Experiments with real genetic data further support the thesis that non-linear models outperform linear approaches, especially for phenotypes with significant contribution of epistasis. Thus, non-linear models outperform linear in type 1 diabetes that, according to recent studies, has a significant contribution of epistasis and a small number of causal SNPs. For obesity, gradient boosting model was able to slightly improve prediction performance of linear models, though the total amount of SNPs that have genetic contribution to this phenotype is highly disputable and the effect of epistasis is smaller. It is worth mentioning that according to our simulation results, non-linear methods perform similarly to linear models when epistasis takes a simple form or has a small effect. Unfortunately, it is impossible to draw an unambiguous conclusion about the characteristics of epistasis in a real disease based only on statistical analysis and machine learning. Meanwhile, a major advantage of non-linear methods is that, unlike their linear alternatives, they do not require an accurate account of intricate genetic interactions for high performance.

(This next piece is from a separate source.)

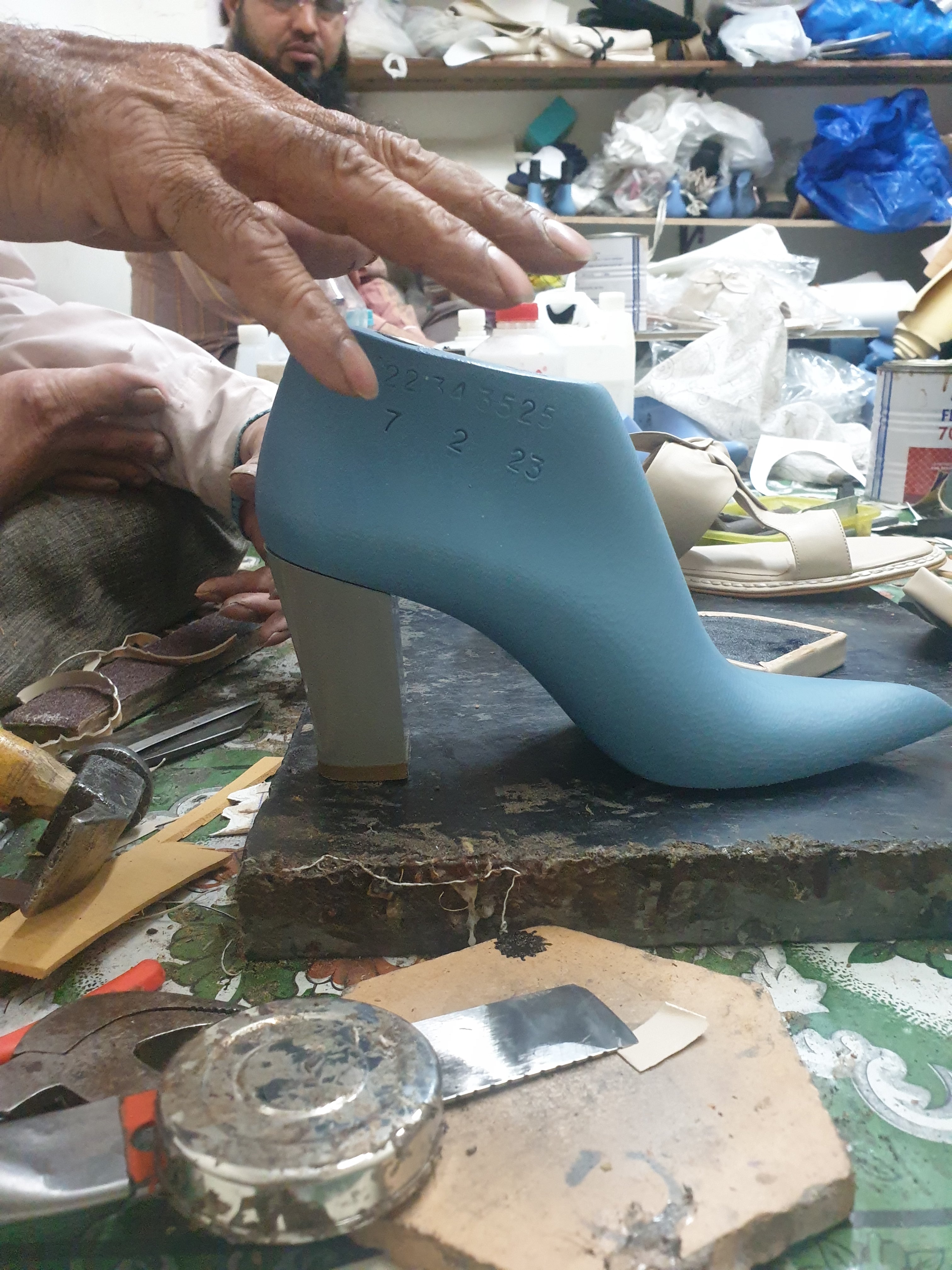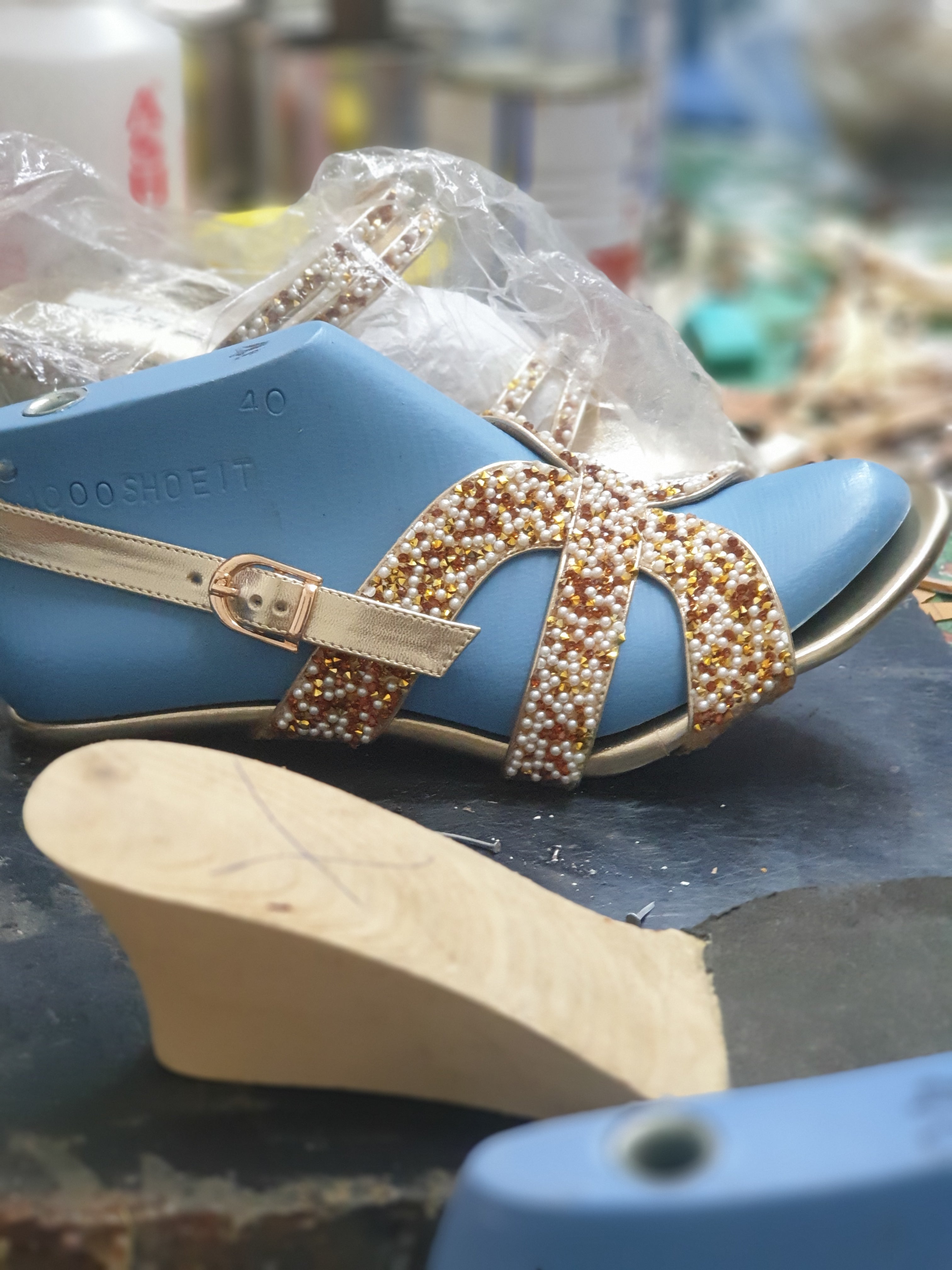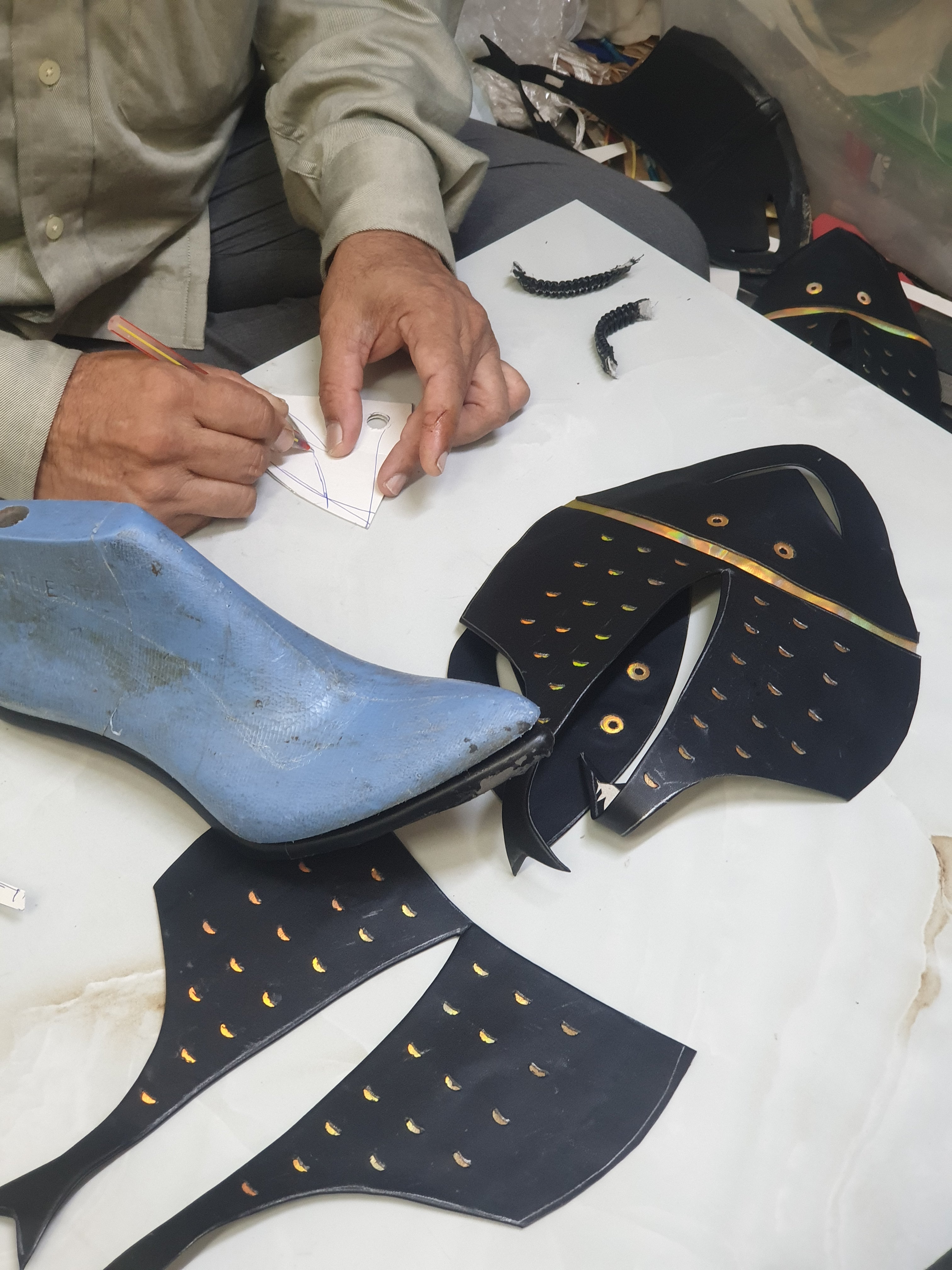 Once the pattern has been made and pieces have been stamped they’re marked to indicate the details of the shoe. Suppose, if the shoe design has certain cutouts or perforation, these will be shown through visible markings. While sewing, firstly, the upper half of the shoe is stitched together, followed by the lining.

Finally, it is worth noting that there is no single model that can effectively predict the risks of several diseases at the same time. Different diseases have different risk factors, including varying complexity of the epistatic contribution. Therefore, for each disease it is necessary to build the optimal model, which, most likely, will not suit another phenotype.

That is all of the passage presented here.